I forgot to do a post about the awesome food that we had on New Years Eve in France. Well, I didn't forget exactly, I just haven't had time til now.. So, here goes
Food: Smoked salmon blinis some served on blinis, others served on little rounds of wholemeal bread. I love that in France they do whole loaves of little bread specifically designed for making your little savouries. Shame we can't get those here... Where was I? Oh yes, some of those were served with 'fake' caviar, others with a dab of creme fraiche, and all with a squeeze of lemon - Yum!
As if that wasn't enough one of our friends, who is from India, had made a chick pea spice mix, which he piled into little vol au vent cases and topped with a little creme fraiche too. Yum!
To drink: Blanquette - this is a sparkling white 'wine', but it is more like champagne than wine.. it's lovely.
Starter no. 1
This one is not really my cup of tea ... foie gras.
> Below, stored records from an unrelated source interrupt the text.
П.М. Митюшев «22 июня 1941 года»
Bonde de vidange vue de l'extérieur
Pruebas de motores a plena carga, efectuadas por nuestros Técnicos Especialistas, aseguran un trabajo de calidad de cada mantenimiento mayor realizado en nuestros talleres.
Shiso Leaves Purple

It is typically a goose, that is overfed until its' liver is engorged, and the liver is then used to make this pate. You can literally translate 'foie gras' as 'greasy/fatty liver'. However, my French friend was unable to find the goose variety, and so went for the duck version instead. When she questioned the availability of the goose variety she was (rightly) told that it is no longer available, as it is no longer acceptable to produce it, but she was told that she could have the duck variety... I can only assume, and hope, that it is not produced in the same way..
This was served with what can only be described as fig jam with whole great figs in sugary syrup. This also came with the little toasts which also had figs studded through them.
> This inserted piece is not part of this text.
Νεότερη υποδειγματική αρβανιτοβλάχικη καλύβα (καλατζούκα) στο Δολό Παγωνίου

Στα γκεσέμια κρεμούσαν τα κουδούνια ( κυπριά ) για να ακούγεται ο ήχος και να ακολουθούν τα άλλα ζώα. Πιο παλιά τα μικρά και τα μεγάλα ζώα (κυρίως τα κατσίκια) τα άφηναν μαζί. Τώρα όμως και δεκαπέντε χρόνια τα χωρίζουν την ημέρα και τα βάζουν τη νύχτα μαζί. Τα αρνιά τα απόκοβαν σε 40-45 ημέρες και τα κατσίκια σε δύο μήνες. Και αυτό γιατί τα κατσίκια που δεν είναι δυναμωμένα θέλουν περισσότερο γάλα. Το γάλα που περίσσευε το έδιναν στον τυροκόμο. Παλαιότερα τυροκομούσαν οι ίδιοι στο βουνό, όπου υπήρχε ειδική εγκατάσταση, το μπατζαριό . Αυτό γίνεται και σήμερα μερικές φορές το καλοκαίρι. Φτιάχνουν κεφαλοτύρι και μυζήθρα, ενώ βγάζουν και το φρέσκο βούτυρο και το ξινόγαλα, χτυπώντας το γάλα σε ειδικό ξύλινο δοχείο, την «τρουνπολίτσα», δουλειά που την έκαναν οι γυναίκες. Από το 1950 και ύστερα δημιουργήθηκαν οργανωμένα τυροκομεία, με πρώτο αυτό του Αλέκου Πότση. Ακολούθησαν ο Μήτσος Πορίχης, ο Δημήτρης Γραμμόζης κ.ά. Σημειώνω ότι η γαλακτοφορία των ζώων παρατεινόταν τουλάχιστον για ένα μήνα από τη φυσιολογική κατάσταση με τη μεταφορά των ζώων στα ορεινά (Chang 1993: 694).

To drink: A specific sweet wine that is matched to the foie gras. Cannot remember the name, didn't even see the bottle. Just slurped and munched. It was good but not as good as the Aperitif nibbles, nor what was to come.
Starter no. 2
Huge, massive langoustines which I ordered from E.LeClerc (French Supermarket) and collected on New Year's Eve, thus skipping all the queues. Result!
When I got them home, I tossed them in garlic, lemon juice, olive oil and salt and pepper, and left them to their own devices in the fridge. Later they were grilled on an open fire with more lemon on the side and finger wipes. Yum.
To drink: I'm not sure what this was called, but I know it had 'Oceanique' in the title, e.g. 'of the ocean' so once again my friend has bought a wine to match the food. As I recall this was a delicious, crisp white.
Another neighbour was making the lamb which was barbecued and served with roast potatoes, brocolli and cauliflower cheese bake and roast potatoes. The lamb was cooked to perfection!
To drink: What else, but a classic red ? I have a bottle here actually I believe we drank 'Chateau de la Riviere' 2005 from Fronsac. Find out more about it here: http://www.fronsac.co.uk/
A selection of typical French and English cheese - a stinky stilton, a soft Goat's cheese, a Brie and others, all served with crackers.
To drink: I took along a bottle of port. I think it was Croft's, myself and a Scottish friend enjoyed a hearty glug of the port along with the stilton. This was all served with some lovely iceberg lettuce on the side in a tasty dressing. The salad was probably the best bit looking back. Although, it was all good.
and on to ... Dessert
CC and I made a lovely chocolate mousse and also my famous Black Forest trifle, which one of these days is going to get a blog post all of it's own. I keep mentioning it here and there, but it's always the bridesmaid and never the bride. Even after all that food, we still managed to shovel down a small portion of each.
To drink: Nothing super-duper to go with the desserts, but a glass of cold Muscat would have gone down nicely..
Although this sounds like a lot of food, the trick was keeping the portion sizes small, although I could have just eaten the aperitif and starter 2 and been done with the rest, although that port and stilton was rather good.
Fond memories of good food and even better company. Bonne Annee everyone.